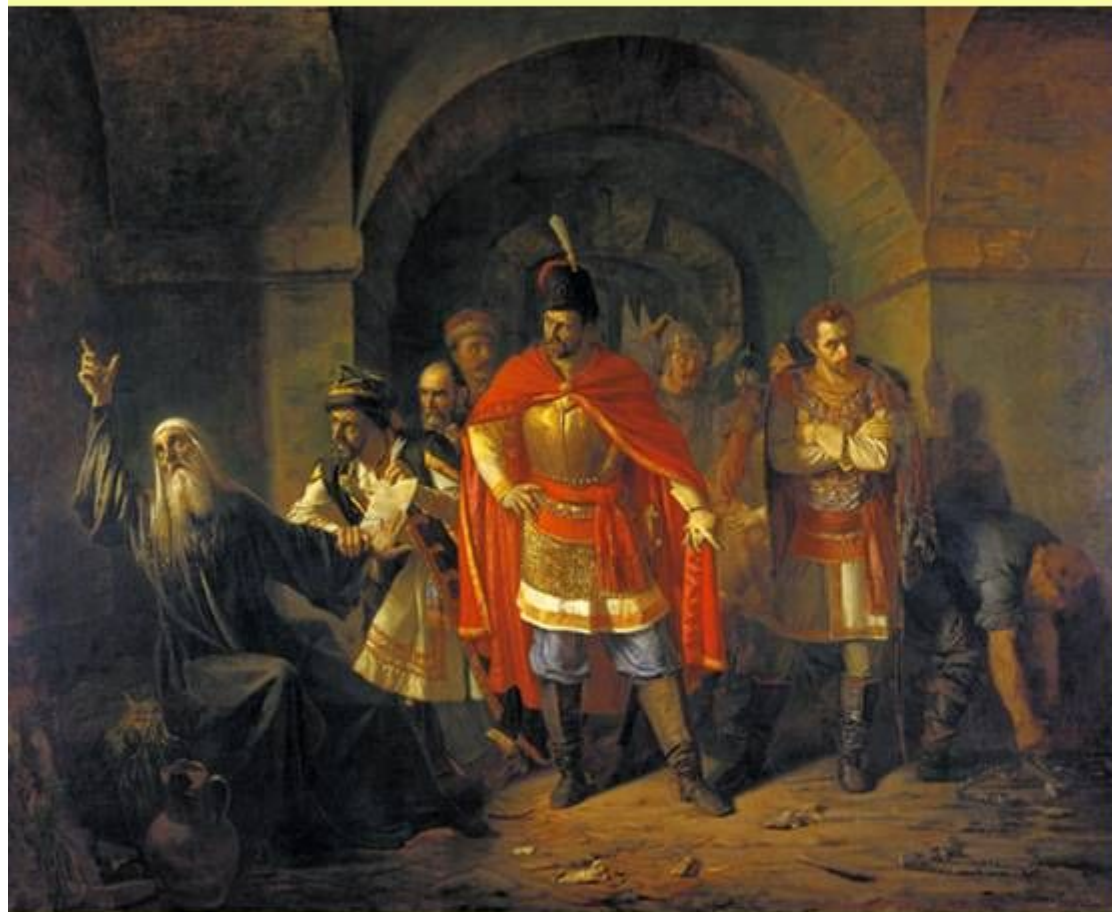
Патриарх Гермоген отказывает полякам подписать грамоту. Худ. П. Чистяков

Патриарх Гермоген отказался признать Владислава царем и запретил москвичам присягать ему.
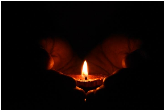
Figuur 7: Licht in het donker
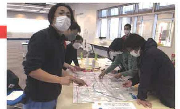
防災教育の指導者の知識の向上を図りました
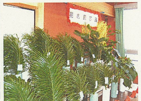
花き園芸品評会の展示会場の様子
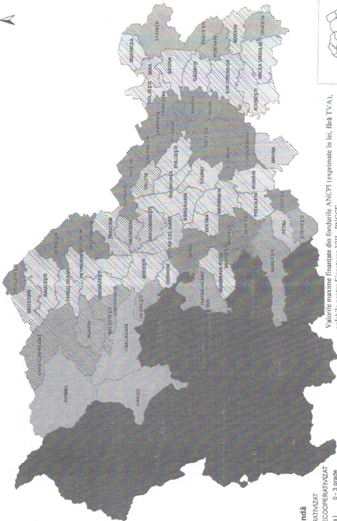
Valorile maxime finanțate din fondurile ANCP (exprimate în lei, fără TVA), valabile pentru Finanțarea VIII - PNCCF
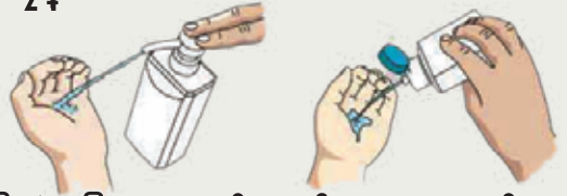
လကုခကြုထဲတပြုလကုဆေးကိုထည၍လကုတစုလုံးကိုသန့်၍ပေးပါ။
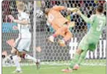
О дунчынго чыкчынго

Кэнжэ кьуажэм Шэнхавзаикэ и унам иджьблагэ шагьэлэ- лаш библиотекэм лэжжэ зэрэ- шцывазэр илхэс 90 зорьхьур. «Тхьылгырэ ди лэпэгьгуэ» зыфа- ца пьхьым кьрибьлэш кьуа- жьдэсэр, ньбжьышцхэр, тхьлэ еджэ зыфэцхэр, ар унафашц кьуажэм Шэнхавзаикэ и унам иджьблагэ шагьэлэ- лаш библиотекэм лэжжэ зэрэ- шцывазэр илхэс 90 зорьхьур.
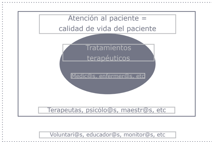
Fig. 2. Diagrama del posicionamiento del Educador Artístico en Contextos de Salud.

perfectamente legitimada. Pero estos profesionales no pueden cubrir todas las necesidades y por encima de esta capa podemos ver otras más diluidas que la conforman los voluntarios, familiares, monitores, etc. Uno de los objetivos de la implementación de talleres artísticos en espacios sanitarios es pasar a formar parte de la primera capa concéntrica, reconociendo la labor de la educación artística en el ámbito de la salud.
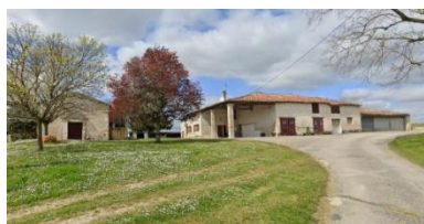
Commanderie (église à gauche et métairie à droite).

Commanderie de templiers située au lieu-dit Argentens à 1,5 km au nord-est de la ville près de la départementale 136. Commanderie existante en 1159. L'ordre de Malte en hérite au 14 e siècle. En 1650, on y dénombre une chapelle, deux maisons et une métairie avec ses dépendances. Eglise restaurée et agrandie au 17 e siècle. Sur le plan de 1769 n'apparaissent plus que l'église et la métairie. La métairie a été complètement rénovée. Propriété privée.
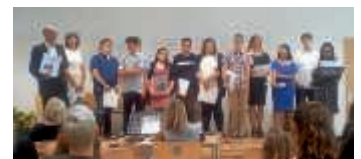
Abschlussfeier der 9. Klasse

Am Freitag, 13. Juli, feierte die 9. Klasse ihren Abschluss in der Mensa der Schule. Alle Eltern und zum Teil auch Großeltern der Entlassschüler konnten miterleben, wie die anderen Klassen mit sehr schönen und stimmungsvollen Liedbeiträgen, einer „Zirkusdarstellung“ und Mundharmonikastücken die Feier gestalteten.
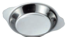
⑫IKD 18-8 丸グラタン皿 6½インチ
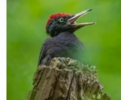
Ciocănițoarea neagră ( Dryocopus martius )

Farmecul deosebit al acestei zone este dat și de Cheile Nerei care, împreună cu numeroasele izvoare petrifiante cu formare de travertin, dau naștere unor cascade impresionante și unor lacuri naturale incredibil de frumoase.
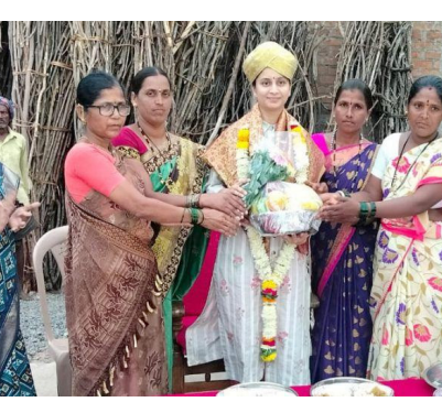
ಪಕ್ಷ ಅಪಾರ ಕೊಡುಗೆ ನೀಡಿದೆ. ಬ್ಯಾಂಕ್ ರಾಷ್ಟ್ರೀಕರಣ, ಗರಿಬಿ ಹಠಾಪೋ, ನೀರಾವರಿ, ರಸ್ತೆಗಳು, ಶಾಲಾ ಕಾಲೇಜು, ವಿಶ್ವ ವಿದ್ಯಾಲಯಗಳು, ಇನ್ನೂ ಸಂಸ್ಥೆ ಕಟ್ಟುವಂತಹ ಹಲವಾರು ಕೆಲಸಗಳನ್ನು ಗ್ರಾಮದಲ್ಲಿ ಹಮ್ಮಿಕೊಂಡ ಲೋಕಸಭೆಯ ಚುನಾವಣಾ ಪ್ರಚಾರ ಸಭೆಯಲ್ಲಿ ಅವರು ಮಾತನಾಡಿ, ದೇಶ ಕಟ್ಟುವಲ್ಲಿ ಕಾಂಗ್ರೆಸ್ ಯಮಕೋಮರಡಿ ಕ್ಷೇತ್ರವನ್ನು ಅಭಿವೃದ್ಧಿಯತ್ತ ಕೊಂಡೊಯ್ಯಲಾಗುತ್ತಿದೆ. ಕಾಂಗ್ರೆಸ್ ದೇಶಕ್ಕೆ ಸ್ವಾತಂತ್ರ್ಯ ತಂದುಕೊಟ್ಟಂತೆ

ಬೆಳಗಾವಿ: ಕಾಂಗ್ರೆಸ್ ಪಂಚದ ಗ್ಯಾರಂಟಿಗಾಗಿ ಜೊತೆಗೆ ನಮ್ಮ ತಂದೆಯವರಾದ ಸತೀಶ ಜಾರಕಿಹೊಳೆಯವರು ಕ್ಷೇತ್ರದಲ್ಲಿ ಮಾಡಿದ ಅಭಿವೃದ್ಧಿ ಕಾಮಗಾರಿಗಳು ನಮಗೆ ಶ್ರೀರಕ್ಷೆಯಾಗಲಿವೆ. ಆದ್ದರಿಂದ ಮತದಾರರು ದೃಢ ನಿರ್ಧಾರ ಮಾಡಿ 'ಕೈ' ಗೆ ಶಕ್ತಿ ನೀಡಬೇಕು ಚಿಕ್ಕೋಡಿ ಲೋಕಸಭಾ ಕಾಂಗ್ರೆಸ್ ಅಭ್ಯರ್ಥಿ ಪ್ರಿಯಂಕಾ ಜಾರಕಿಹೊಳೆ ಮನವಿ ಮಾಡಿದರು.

==========

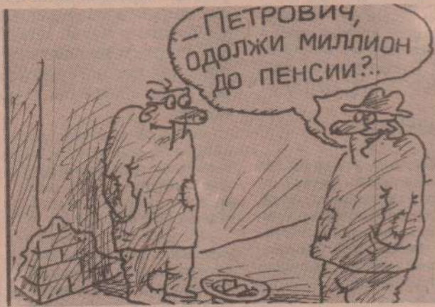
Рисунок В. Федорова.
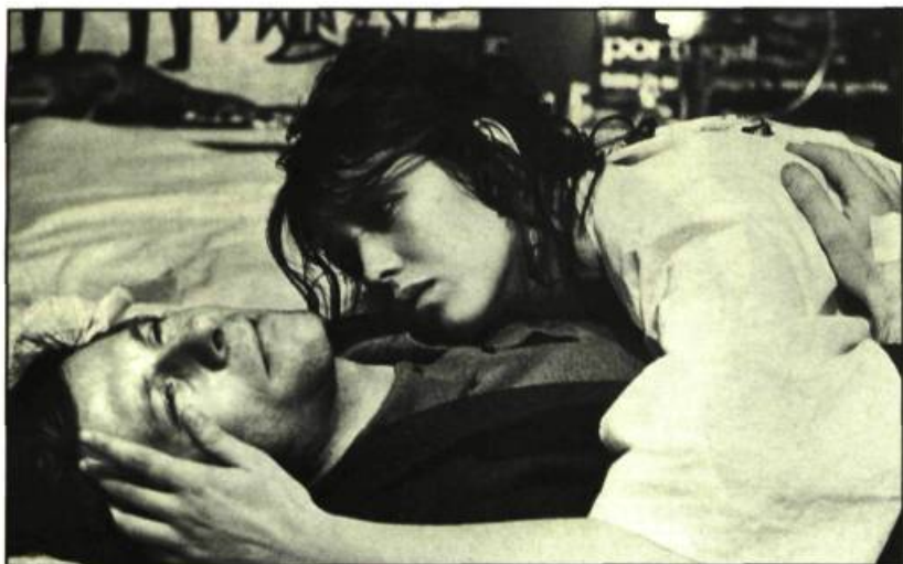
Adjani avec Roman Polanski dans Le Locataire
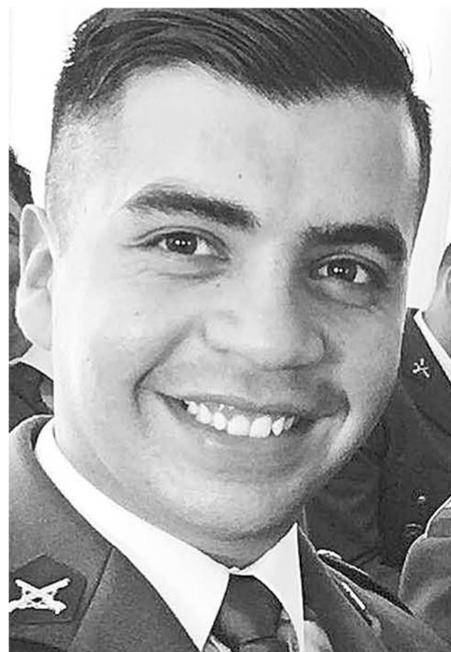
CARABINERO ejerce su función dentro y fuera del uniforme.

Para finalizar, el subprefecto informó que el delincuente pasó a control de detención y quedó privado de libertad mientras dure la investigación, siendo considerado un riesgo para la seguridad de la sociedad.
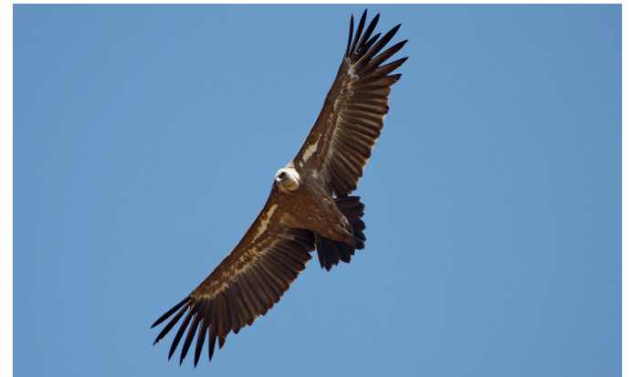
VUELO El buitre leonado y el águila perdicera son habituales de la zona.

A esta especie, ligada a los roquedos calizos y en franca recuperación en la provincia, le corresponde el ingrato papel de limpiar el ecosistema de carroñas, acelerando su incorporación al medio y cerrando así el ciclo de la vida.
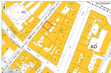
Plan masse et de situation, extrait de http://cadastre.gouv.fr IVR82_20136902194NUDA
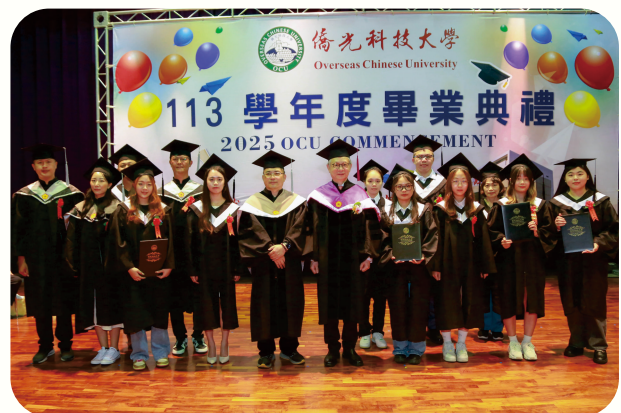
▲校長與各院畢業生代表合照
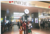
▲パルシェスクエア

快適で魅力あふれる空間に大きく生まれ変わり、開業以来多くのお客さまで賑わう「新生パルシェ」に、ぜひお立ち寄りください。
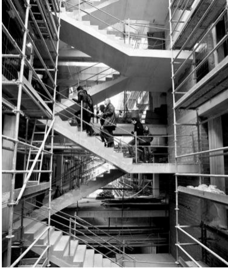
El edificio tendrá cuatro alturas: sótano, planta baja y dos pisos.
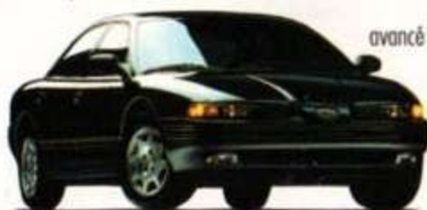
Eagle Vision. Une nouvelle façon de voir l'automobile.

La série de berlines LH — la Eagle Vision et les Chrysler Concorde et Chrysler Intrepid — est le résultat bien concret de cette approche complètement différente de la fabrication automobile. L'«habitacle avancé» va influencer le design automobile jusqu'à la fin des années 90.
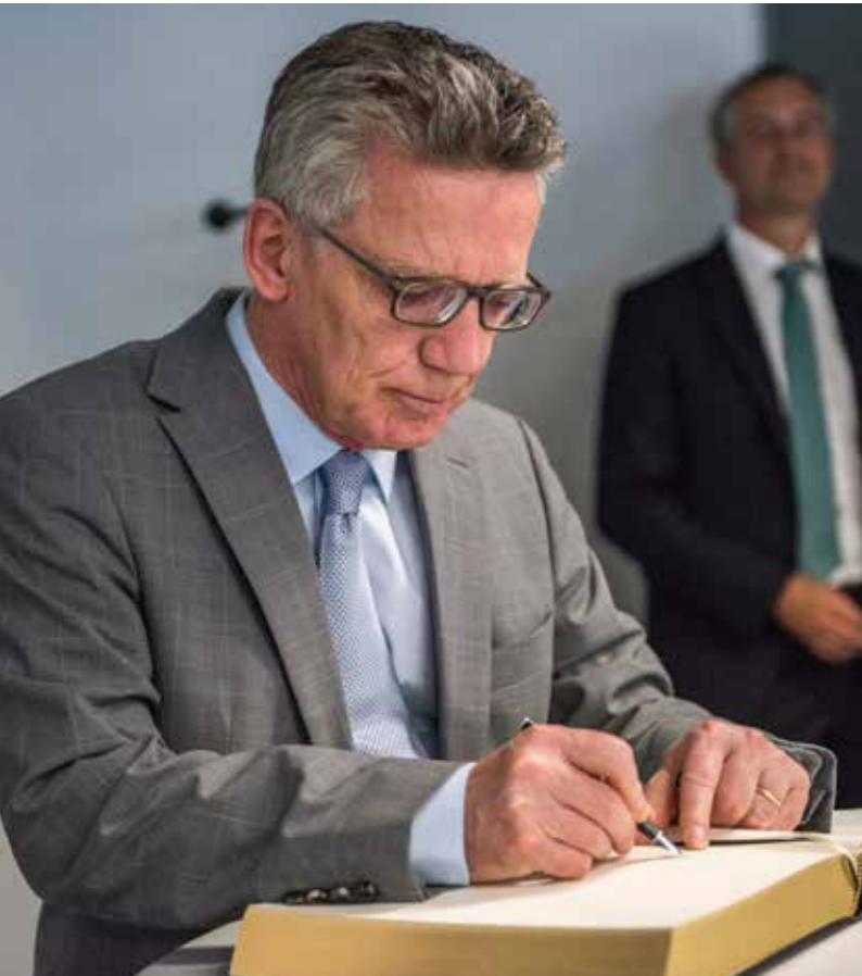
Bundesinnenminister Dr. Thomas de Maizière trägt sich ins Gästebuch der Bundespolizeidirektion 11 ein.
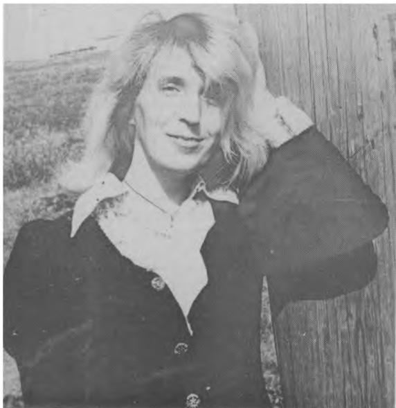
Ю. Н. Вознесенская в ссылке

==========

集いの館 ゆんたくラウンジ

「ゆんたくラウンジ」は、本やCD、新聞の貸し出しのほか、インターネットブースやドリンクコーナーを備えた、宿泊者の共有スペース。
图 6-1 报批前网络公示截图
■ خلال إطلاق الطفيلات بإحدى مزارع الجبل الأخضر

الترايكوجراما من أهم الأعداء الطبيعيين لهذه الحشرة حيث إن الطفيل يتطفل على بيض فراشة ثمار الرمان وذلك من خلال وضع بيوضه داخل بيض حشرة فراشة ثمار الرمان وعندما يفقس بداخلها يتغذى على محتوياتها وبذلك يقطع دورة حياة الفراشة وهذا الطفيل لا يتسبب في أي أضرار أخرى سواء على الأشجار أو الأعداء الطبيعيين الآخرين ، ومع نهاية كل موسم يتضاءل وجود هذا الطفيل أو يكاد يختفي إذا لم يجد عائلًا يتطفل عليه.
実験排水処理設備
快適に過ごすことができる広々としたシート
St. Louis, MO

==========

[WHAT THE EXERCISE ASKS] Beginning with the line holding "လကုခကြုထဲတပြုလ" in the material above, restate word for word each line through the line holding "Abschlussfeier der 9. Klasse", and exclude pictures.

[ANSWER TO THIS TASK]
လကုခကြုထဲတပြုလကုဆေးကိုထည၍လကုတစုလုံးကိုသန့်၍ပေးပါ။
О дунчынго чыкчынго

Кэнжэ кьуажэм Шэнхавзаикэ и унам иджьблагэ шагьэлэ- лаш библиотекэм лэжжэ зэрэ- шцывазэр илхэс 90 зорьхьур. «Тхьылгырэ ди лэпэгьгуэ» зыфа- ца пьхьым кьрибьлэш кьуа- жьдэсэр, ньбжьышцхэр, тхьлэ еджэ зыфэцхэр, ар унафашц кьуажэм Шэнхавзаикэ и унам иджьблагэ шагьэлэ- лаш библиотекэм лэжжэ зэрэ- шцывазэр илхэс 90 зорьхьур.
Fig. 2. Diagrama del posicionamiento del Educador Artístico en Contextos de Salud.

perfectamente legitimada. Pero estos profesionales no pueden cubrir todas las necesidades y por encima de esta capa podemos ver otras más diluidas que la conforman los voluntarios, familiares, monitores, etc. Uno de los objetivos de la implementación de talleres artísticos en espacios sanitarios es pasar a formar parte de la primera capa concéntrica, reconociendo la labor de la educación artística en el ámbito de la salud.
Commanderie (église à gauche et métairie à droite).

Commanderie de templiers située au lieu-dit Argentens à 1,5 km au nord-est de la ville près de la départementale 136. Commanderie existante en 1159. L'ordre de Malte en hérite au 14 e siècle. En 1650, on y dénombre une chapelle, deux maisons et une métairie avec ses dépendances. Eglise restaurée et agrandie au 17 e siècle. Sur le plan de 1769 n'apparaissent plus que l'église et la métairie. La métairie a été complètement rénovée. Propriété privée.
Abschlussfeier der 9. Klasse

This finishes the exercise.